Your first thought might be to switch to a NoSQL database, which can be better suited for handling larger stores of data. But even a NoSQL database will be limited within a typical database deployment.
You need to think bigger. Much bigger.
When your data demands reach that kind of scope, it’s time to consider either data mesh or data lake. But what are these different technologies and which one is the best fit for your company? Let’s dive in and see what’s what.
What Is Data Mesh?
To understand what data mesh is, you first must have a basic knowledge of what decentralized computing is, as this is key to the technology.
Imagine, if you will, you have a service that you run on a machine in a data center. That service can only be found and accessed on that one machine. Not only does this mean you have absolute control over the service, but it also means the machine housing the service must be able to meet the demands placed on it.
This scenario is very common — in fact, it’s the most popular method in use today. It’s called centralized computing. The problem with centralized computing is that it’s not just isolated, but it can tend to be a bit fragile. Even if you have failover set up for that server, what happens if the network the server is attached to goes down? At that point, no one would be able to access your service.
With that in mind, you should now see why centralized data isn’t always the best idea.
That’s where decentralized computing comes into play. How this works is by spreading the load out over multiple machines across the internet. So instead of one server (or a cluster of servers) within your data center housing that data, it’s spread across possibly hundreds of machines outside of your data center. That means, should one machine or network go down, the data is still accessible.
Data mesh follows this same idea. It’s a decentralized data store where no one entity claims ownership of the data. Now, before you think of this as a security problem, it’s not. Although the idea behind decentralized computing does shift the ownership a bit wider than you might typically care for, data mesh doesn’t exactly follow the same principle. You still own the data, and, should you choose, the data is only accessible by you and/or the apps and services that depend on the data.
Instead, the data is spread across data lakes and/or data warehouses such that they can be accessed 24/7 by applications and services. This also has the added benefit of being able to scale to massive proportions.

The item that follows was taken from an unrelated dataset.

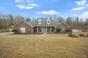 Set in the Ironhorse community, known for walkability and neighborhood amenities, this all-brick 4-bed, 3-bath home offers the space, comfort, and privacy you've been picturing on over a half-acre. A wide covered front porch makes a welcoming first impression. Inside you'll find real hardwood floors, a formal dining space, plus an additional front bonus room that flexes as an office, den, or play space. At the heart of the home, the main living area features vaulted ceilings and a cozy fireplace, flowing seamlessly into an eat-in kitchen with an island, abundant cabinetry, tile backsplash, pantry, and new stainless steel appliances. The split layout is designed for real life, offering 2 primary suites for extra flexibility. The main primary suite includes upgraded tray ceilings, 3 walk-in closets, and an ensuite bath with dual vanities, a garden tub, and a separate shower. A second spacious primary suite on the opposite side of the home is ideal for guests, multigenerational living, or a private retreat, with two additional bedrooms completing the layout. Out back, the setting elevates the day-to-day: a covered patio and expansive deck ready for weekend grilling, a fenced yard, and a storage shed/workshop for tools and projects. Best of all, the home backs to a protected greenbelt that can never be developed, creating a peaceful backdrop and lasting privacy. Practical touches keep living easy, including a side-entry 2-car garage with workspace, sprinkler system, gutters, exterior lighting, and a driveway that extends into the backyard for RV or boat storage. Ironhorse adds even more value with community features, including a gazebo, playground, and park. And when you're on the go, location delivers: quick access to I-10 at Nine Mile Road keeps commutes simple and puts shopping and dining along the Nine Mile corridor within easy reach, including Navy Federal Credit Union's Heritage Oaks location and essentials like Publix at Nine Mile Crossing.
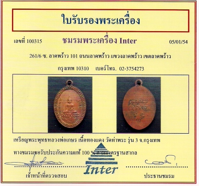 &&&& เหรียญพระพุทธหลวงพ่อเกษร วัดท่าพระ รุ่น 3 ประกอบพิธีปลุกเสกใหญ่ สภาพสวย รับประกันความแท้100% พร้อมบัตรรับรอง &&&&

But to further understand the concept behind data mesh, there are four ideas you must understand:
- Domain-oriented ownership – This isn’t about domain names but, rather, organizations that are created around a specific task or need. You might have domains like development, management, and administration. Each of those domains will probably require access to that data.
- Data as product – The best way to understand data as product is by way of Zhamak Dehghani’s article, wherein she states, “Domain data teams must apply product thinking with similar rigor to the datasets that they provide; considering their data assets as their products and the rest of the organization’s data scientists, ML and data engineers as their customers.”
- Self-serve data platform – This concept is all about the autonomy of each domain and the ability to access the data contained within the data mesh.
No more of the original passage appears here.